Classification of intact acai (Euterpe oleracea Mart.) and jucara (Euterpe edulis Mart) fruits based on dry matter content by means of near infrared spectroscopy

Texto completo
Autor(es):
Cunha Junior, Luis Carlos [1] ; Nardini, Viviani [1] ; Khatiwada, Bed P. [2] ; de Almeida Teixeira, Gustavo Henrique [3] ; Walsh, Kerry B. [2]
Número total de Autores: 5
Afiliação do(s) autor(es):
[1] Univ Sao Paulo, FCFRP, Dept Anal Clin Toxicol & Bromatol, BR-14040903 Ribeirao Preto, SP - Brazil
[2] Cent Queensland Univ, Plant Sci Grp, Rockhampton, Qld 4702 - Australia
[3] Univ Estadual Paulista, Fac Ciencias Agr & Vet Jaboticabal, BR-14884900 Ribeirao Preto, SP - Brazil
Número total de Afiliações: 3
Tipo de documento: Artigo Científico
Fonte: FOOD CONTROL; v. 50, p. 630-636, APR 2015.
Citações Web of Science: 9
Resumo

The processing of acai (Euterpe oleracea Mart.) and jucara (Euterpe edulis Mart) fruit requires water addition for adequate pericarp extraction. Currently, the amount of added water is based on fruit moisture content as estimated using a convection oven method. In this study, diffuse reflectance FTNIR spectra (1000-2500 nm, 64 scans and spectral resolution of 8 cm(-1)) of intact gal and jucara fruit were used to discriminate fruit batches based on the dry matter (DM) content using mature fruit collected over two years. Spectra were collected of similar to 25 fruits per batch, placed on a 90 mm diameter glass dish in a single layer. The calibration set contained of 371 lots, while the prediction set consisted of 132 lots (of different locations, times). Spectra were subject to several pre-processing methods and models were developed using Partial Least Squares Regression (PLSR), Partial Least Squares-Discriminant Analysis (PLS-DA) and Principal Component Analysis Discriminant Analysis (PCA-DA).
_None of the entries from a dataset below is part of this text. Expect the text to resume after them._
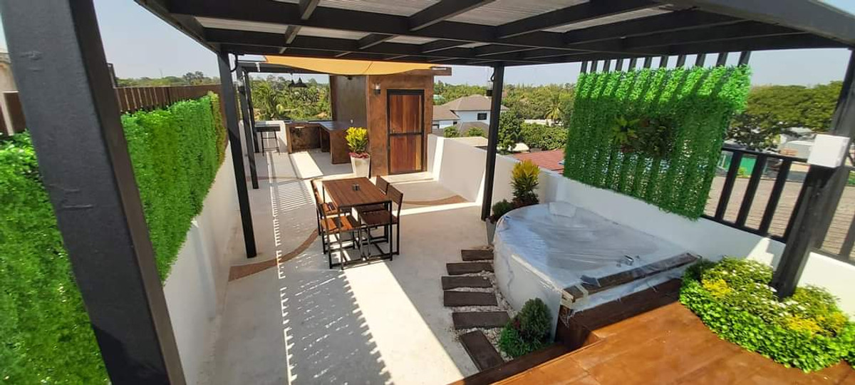 Home&offce 4 floors, newly decorated, includes empty land on an area of ​​1 rai, 4 bedrooms, 3 bathrooms in the province, near the golf course, near the airport, near the World Horticultural Event venue.
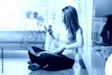 relaxed smiling barefoot woman sitting on the floor looking at her laptop
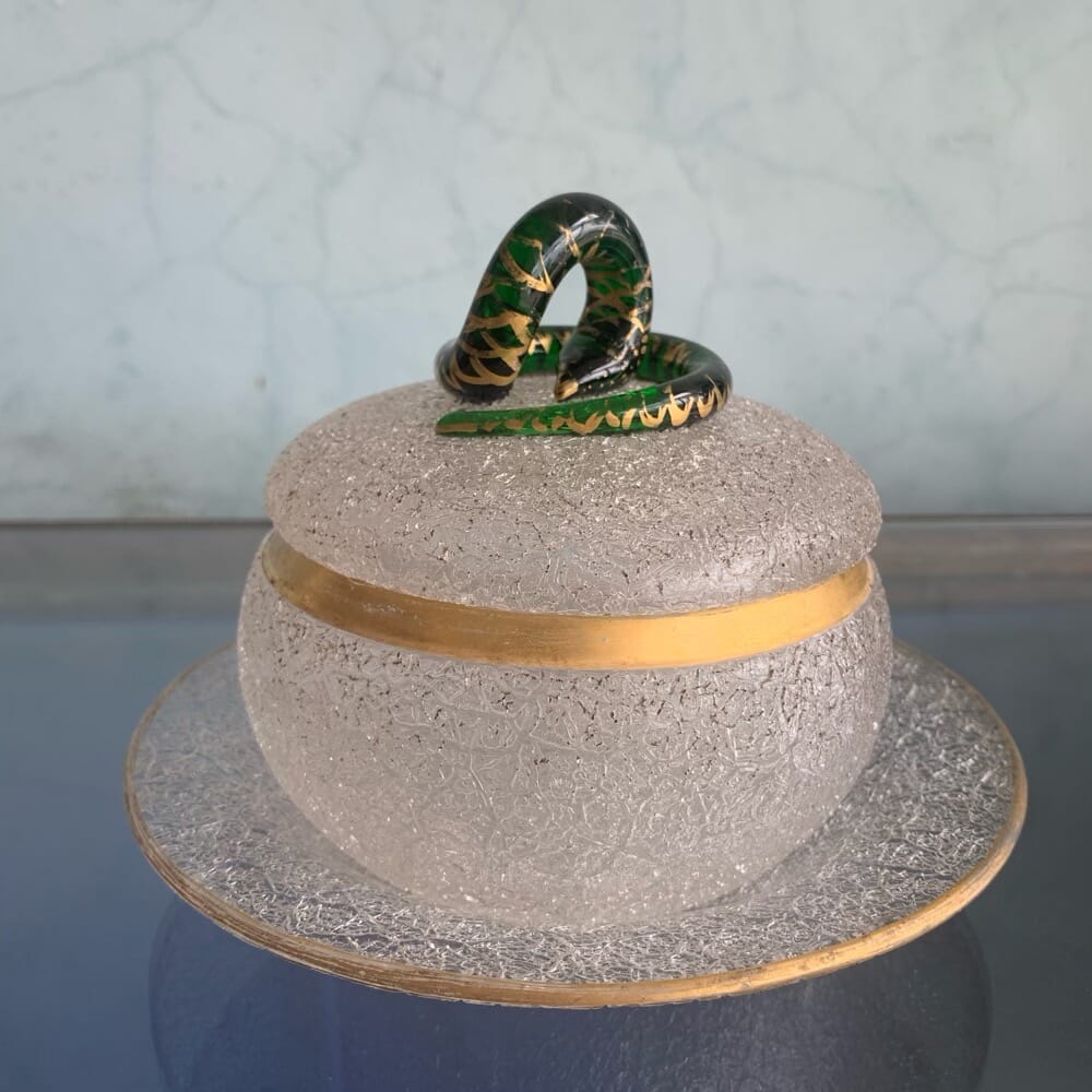 Pool pottery dish, colourful handpainted CS pattern, c. 1970
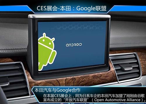 在本屆CES展會(huì)上,同為日系車企的本田汽車加盟了剛剛由谷歌宣布成立了的“開放汽車聯(lián)盟”(Open Automotive Alliance)。網(wǎng)通社從谷歌內(nèi)部人士處獲悉,這個(gè)汽車聯(lián)盟成員除本田外,還包括通用、奧迪、現(xiàn)代以及英偉達(dá)(芯片制造商)等5家車企組成。這些車企對(duì)全新谷歌的車內(nèi)操作系統(tǒng)進(jìn)行檢測(cè),逐步實(shí)現(xiàn)在旗下全系車型中使用。
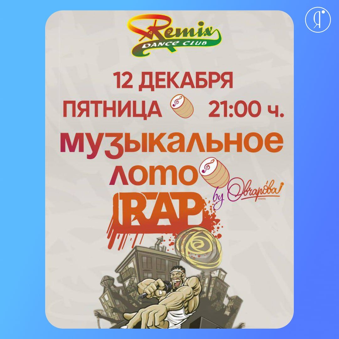 Музыкальное RAP-лото #Вечером Правила простые: У каждого участника будет большой бланк с песнями, в котором нужно зачеркивать композиции Первый, кто соберёт БИНГО (закрытие строки из 6 клеток)— забирает приз! Во время игры угадывать ничего не нужно, остаётся только наслаждаться музыкой, веселиться и зачёркивать поля 12 декабря | 21:00 «Remix», Авиационная, 2/2 Справки и запись: +7 (914) 233-48-94 Online Якутия | Ждем вас в МАХ
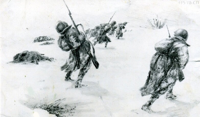"Наступило 16 декабря. Потеплело. Утро было туманное. Когда после артподготовки мы двинулись вперед, произошло то, что совсем не предусмотрели - при подъеме на кручу роты перепутались и командиры потеряли своих бойцов. Когда я выскочил на край, на открытом поле нас встретили ожившие огневые точки. То там, то здесь взвизгивали в воздухе, падали и скатывались вниз те, в кого попадало. Вдруг, я увидел пулеметчиков - они за скобу станины тянут свой пулемет. Колеса не крутятся, скользят. Вижу с какой злостью, бормоча ругательства, бойцы тащат его. Сзади поднимается "У-р-р-а-а-а-а-а". Бросок на траншеи. У окопов все завертелось. Из земли вырастали какие-то темные фигуры с поднятыми руками и широко открытыми ртами. Что-то ударило меня по каске и я упал".

A PLSR model constructed using the wavelength range of 1382-1682 nm and full multiplicative scatter correction achieved a root mean square error for prediction on DM of 5.25% w/w with a ratio of the standard deviation of DM set to the bias corrected RMSEP of 1.5 on the test set. A PCA-DA model based on the same wavelength of region outperformed the PLS-DA method to segregate the test population into categories of high (>32 %DM) and low DM (<32% DM) with 74% accuracy achieved. The PCA-DA technique is recommended to the processing industry as a non-destructive and rapid method for optimisation of water added during processing using batch assess of fruit from incoming lots of fruits. (C) 2014 Elsevier Ltd. All rights reserved. (AU)
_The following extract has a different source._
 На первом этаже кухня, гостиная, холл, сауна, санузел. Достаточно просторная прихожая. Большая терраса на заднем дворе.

Processo FAPESP: 11/19669-2 - Uso da espectroscopia do infravermelho próximo na avaliação da qualidade de frutos íntegros de açaizeiro e palmiteiro-juçara: modelagem e quimiometria
Beneficiário:Luis Carlos Cunha Junior
Modalidade de apoio: Bolsas no Brasil - Pós-Doutorado
Processo FAPESP: 08/51408-1 - Desenvolvimento de uma metodologia utilizando a espectroscopia do infravermelho próximo (NIRS) para a seleção e classificação de frutos íntegros de açaizeiro (Euterpe oleracea Mart.) e palmiteiro-jussara (Euterpe edulis Mart.)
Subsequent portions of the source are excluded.